Activity
If pictures appear in the lines below, skip them and copy exactly the lines from the one containing "2-) You produced" through the one containing "悦味纪 玉米窝窝头1kg 共40个 手工粗粮杂粮包馒头 半成品早餐方便速食", and nothing else.

[Data records]

----

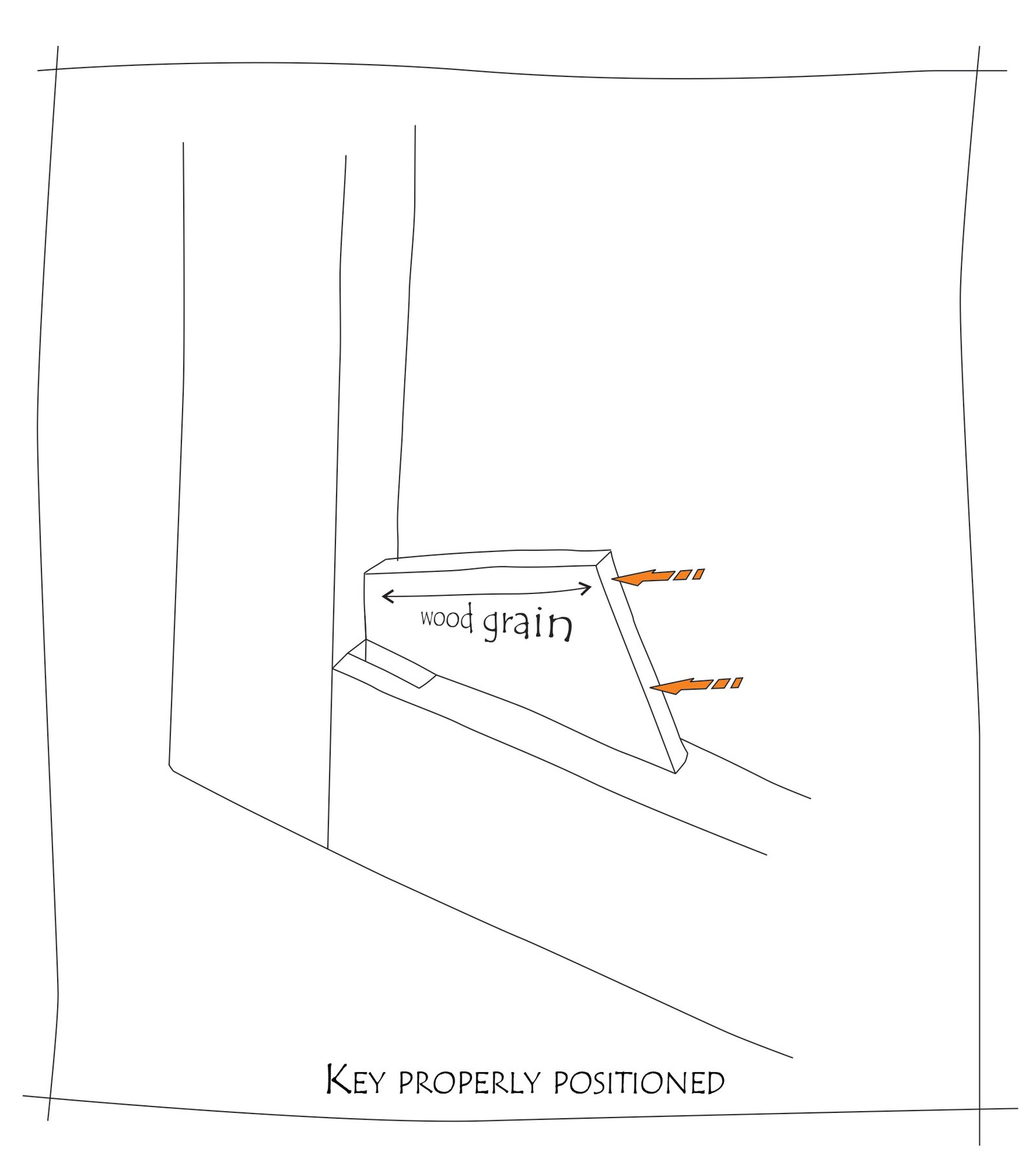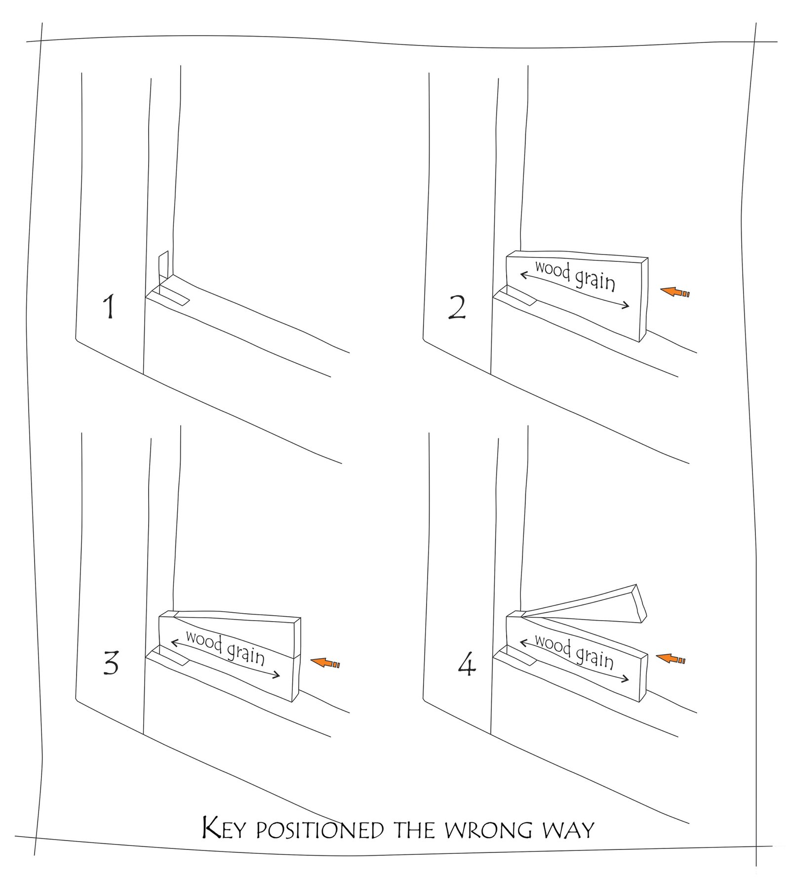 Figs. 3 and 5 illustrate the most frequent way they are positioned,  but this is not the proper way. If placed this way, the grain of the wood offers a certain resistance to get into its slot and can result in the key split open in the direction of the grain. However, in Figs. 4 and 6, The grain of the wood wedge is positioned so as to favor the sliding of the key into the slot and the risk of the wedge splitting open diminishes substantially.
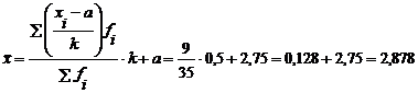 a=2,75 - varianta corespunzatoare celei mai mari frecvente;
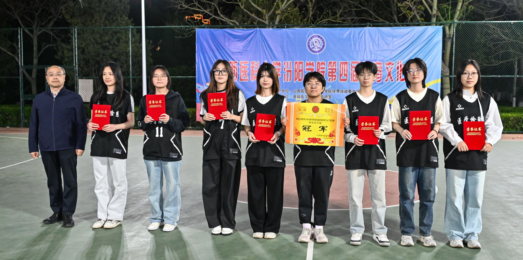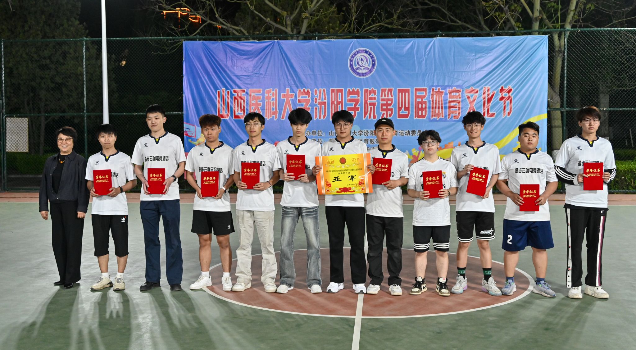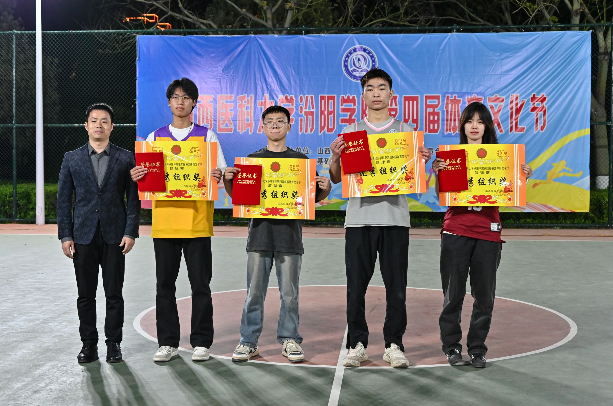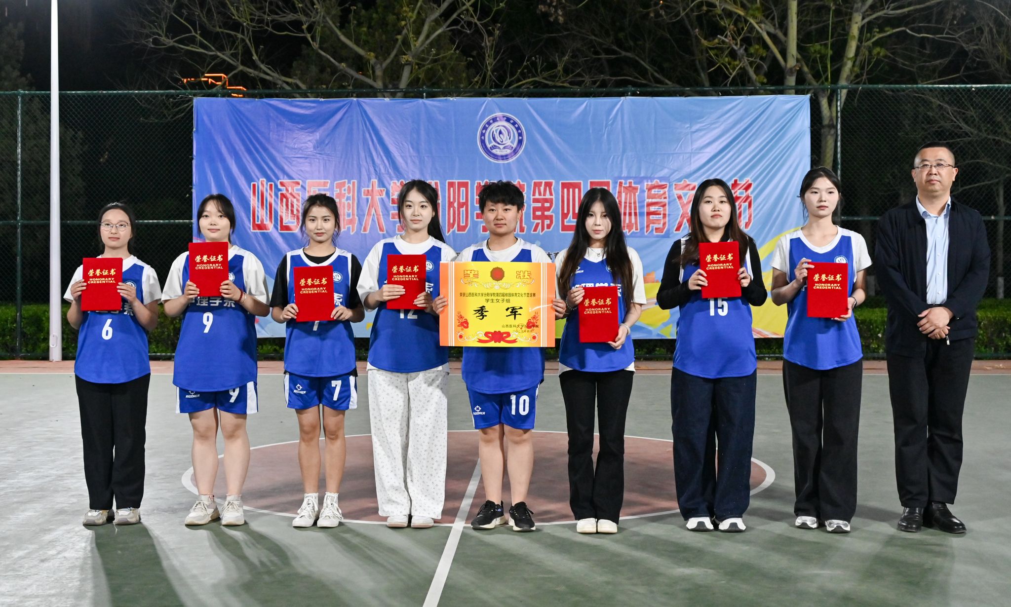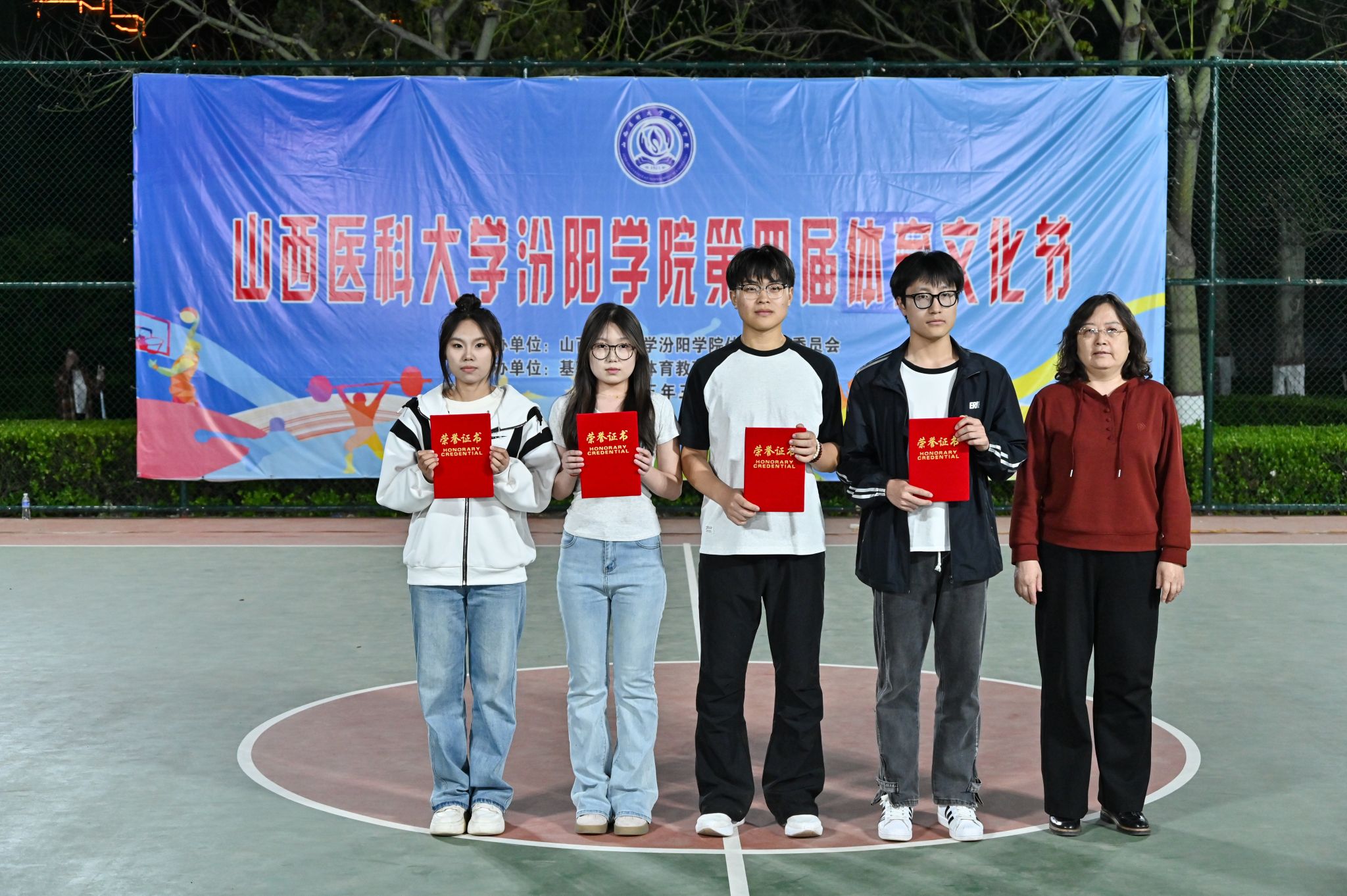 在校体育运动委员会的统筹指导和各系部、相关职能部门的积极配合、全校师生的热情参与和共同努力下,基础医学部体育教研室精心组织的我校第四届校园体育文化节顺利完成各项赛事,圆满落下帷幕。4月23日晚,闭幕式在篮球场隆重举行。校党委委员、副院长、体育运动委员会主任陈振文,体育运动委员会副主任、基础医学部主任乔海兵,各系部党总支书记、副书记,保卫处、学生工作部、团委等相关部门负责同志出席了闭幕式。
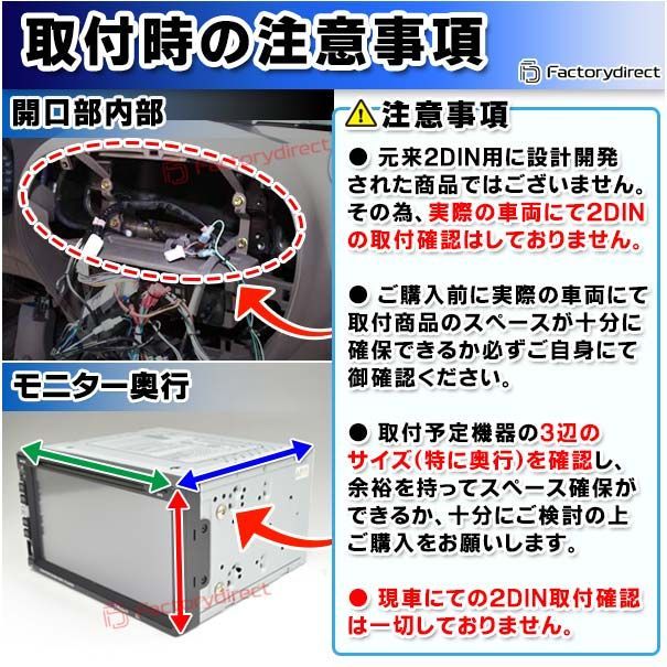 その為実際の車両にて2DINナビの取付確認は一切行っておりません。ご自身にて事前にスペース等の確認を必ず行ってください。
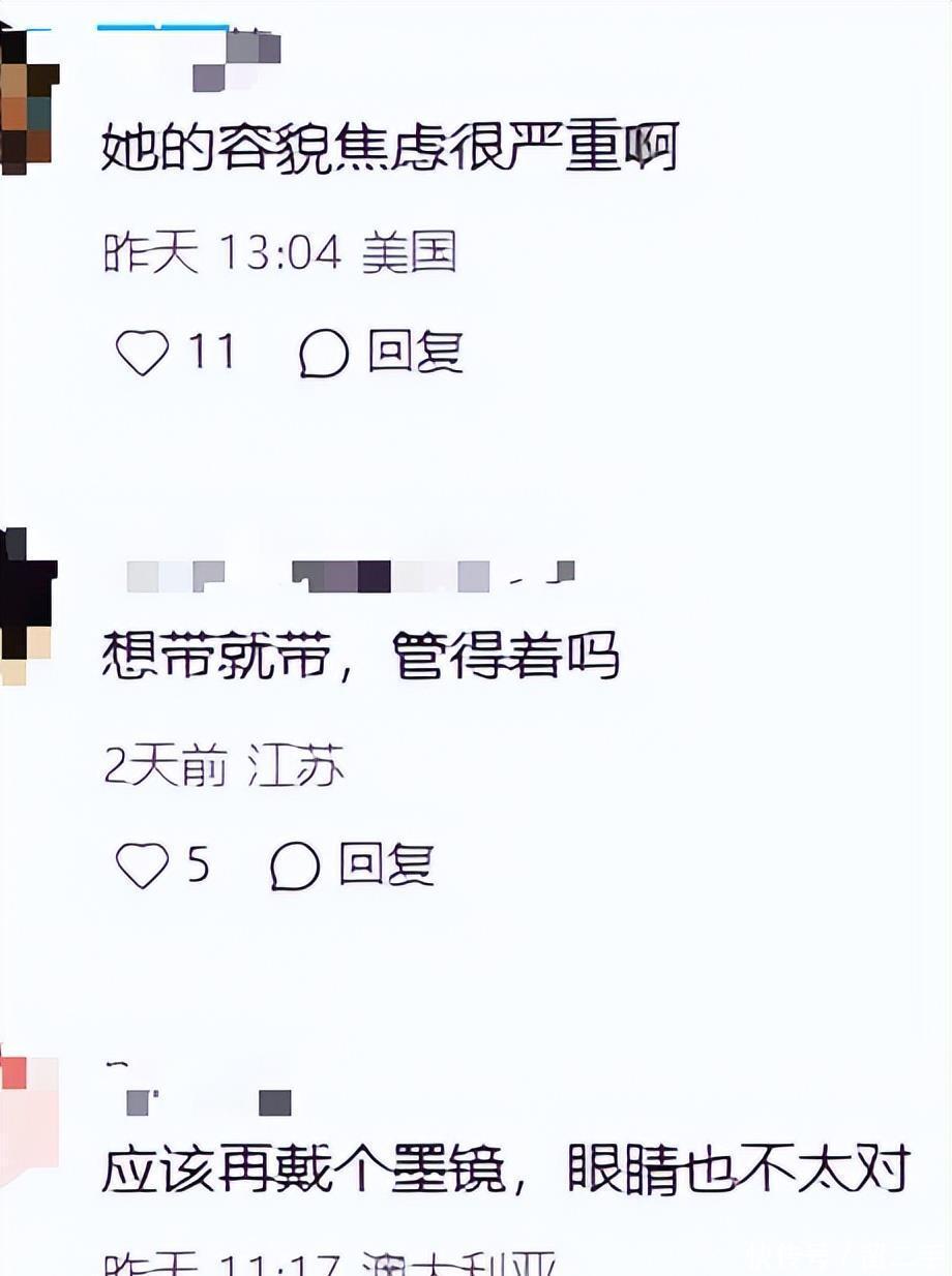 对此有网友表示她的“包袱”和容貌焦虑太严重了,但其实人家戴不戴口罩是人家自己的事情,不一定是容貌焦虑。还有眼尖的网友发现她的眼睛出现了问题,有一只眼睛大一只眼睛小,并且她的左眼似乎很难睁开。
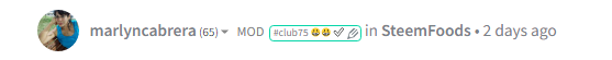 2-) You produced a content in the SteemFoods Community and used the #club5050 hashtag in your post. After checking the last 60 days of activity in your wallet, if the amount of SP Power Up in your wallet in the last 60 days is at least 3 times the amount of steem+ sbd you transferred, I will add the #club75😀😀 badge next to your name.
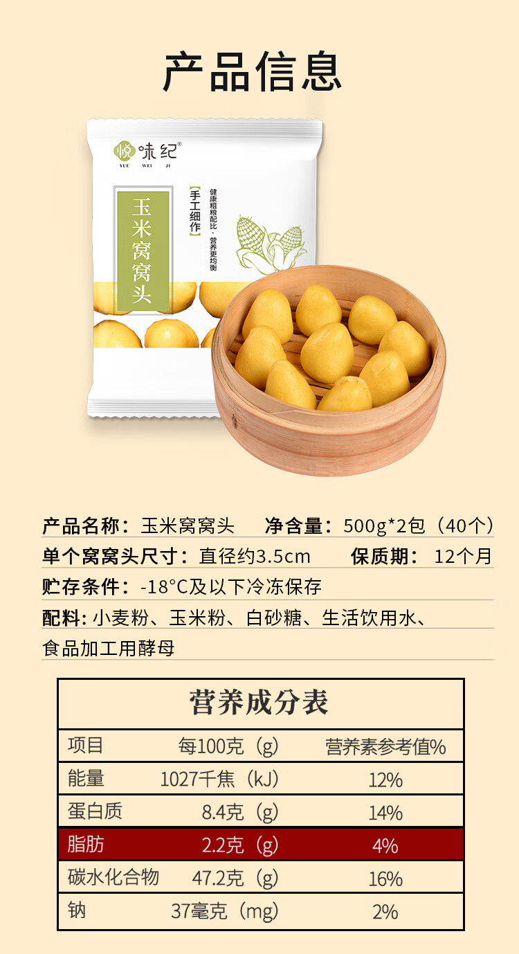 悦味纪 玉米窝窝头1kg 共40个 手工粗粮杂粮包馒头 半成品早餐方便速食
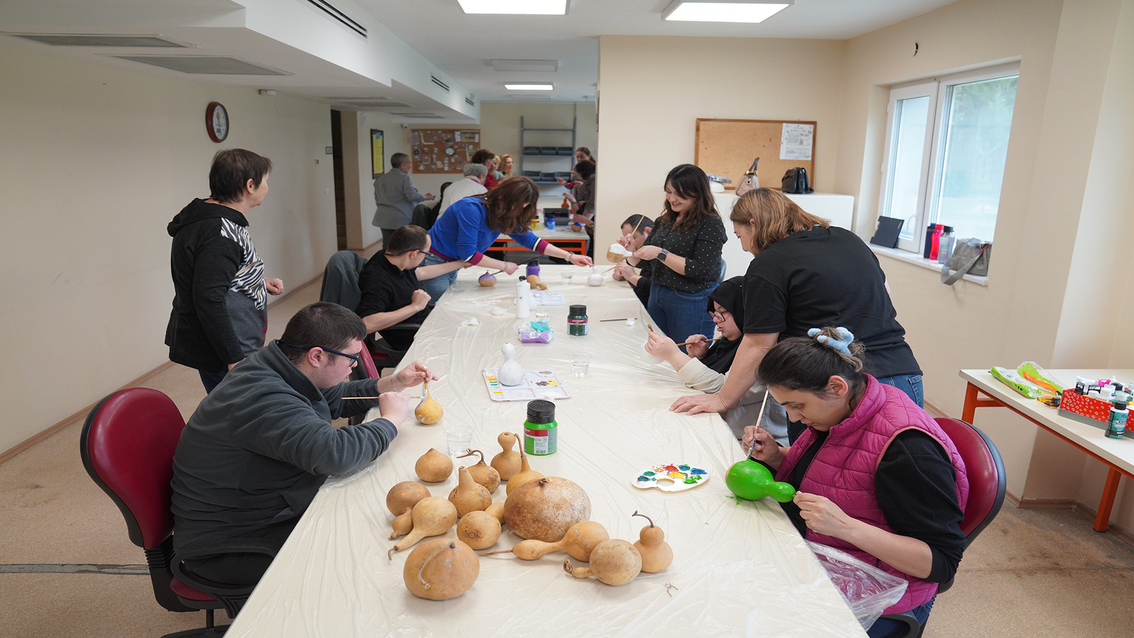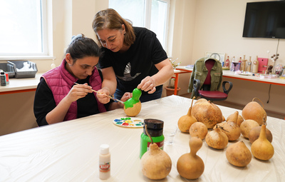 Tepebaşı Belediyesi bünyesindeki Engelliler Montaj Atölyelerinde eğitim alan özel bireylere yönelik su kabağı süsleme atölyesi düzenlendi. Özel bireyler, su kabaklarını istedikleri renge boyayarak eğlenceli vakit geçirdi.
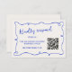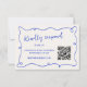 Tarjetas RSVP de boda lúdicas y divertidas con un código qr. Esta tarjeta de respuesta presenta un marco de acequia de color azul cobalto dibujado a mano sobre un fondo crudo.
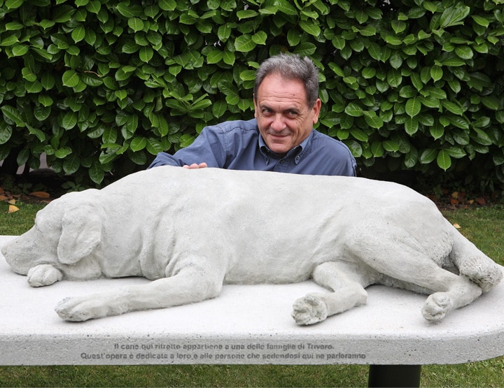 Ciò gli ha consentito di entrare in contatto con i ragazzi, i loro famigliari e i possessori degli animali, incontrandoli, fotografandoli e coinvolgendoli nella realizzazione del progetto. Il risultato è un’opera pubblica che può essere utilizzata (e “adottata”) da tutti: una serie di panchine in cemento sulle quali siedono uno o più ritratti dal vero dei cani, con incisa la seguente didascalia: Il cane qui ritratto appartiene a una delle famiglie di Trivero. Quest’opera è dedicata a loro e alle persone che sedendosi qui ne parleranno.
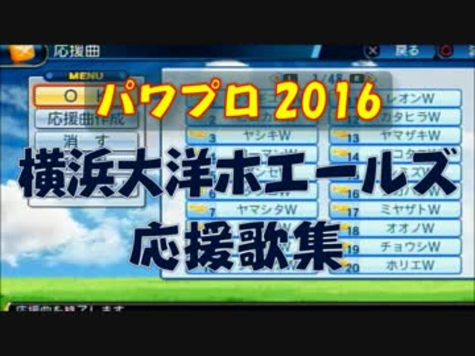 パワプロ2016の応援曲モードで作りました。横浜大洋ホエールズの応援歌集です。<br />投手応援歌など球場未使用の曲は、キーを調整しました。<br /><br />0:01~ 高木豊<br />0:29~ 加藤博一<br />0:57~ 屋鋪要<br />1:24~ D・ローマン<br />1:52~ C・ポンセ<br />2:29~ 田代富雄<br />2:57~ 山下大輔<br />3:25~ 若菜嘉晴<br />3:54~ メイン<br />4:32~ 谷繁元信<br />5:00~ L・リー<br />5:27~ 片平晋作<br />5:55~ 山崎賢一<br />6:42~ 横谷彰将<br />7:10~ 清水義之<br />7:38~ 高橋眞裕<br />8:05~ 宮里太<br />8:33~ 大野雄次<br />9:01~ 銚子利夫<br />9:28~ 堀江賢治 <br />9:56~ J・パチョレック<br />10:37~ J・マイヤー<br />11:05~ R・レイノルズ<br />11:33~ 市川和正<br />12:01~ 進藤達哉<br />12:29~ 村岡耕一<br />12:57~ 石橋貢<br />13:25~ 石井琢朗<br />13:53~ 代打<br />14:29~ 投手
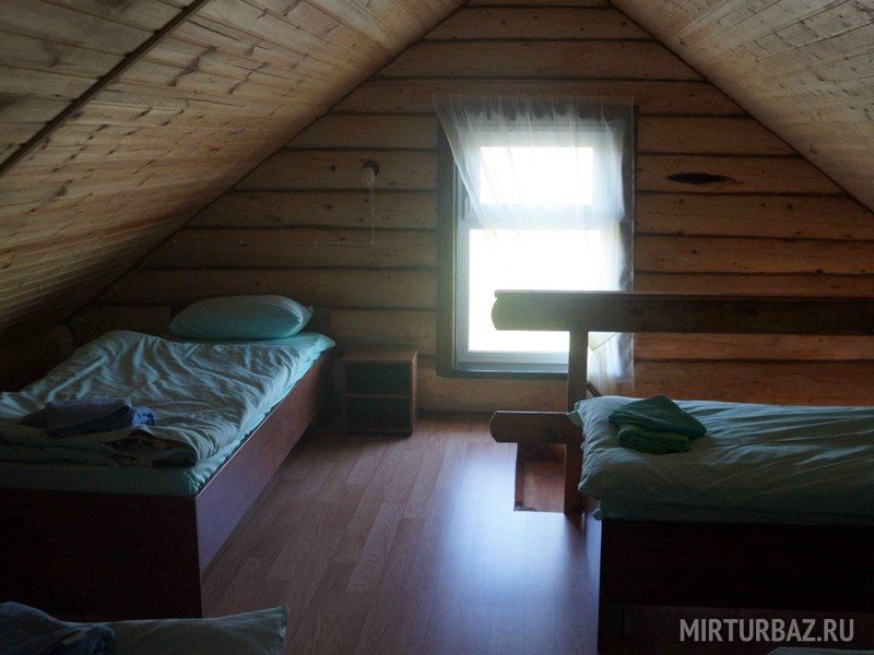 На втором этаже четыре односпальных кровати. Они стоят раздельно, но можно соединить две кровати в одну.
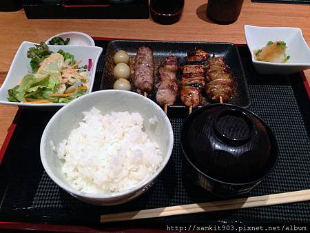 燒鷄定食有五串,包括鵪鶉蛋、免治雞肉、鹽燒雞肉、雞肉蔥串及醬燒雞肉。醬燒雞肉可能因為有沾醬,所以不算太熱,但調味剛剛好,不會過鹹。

----

Written answer
 2-) You produced a content in the SteemFoods Community and used the #club5050 hashtag in your post. After checking the last 60 days of activity in your wallet, if the amount of SP Power Up in your wallet in the last 60 days is at least 3 times the amount of steem+ sbd you transferred, I will add the #club75😀😀 badge next to your name.
 悦味纪 玉米窝窝头1kg 共40个 手工粗粮杂粮包馒头 半成品早餐方便速食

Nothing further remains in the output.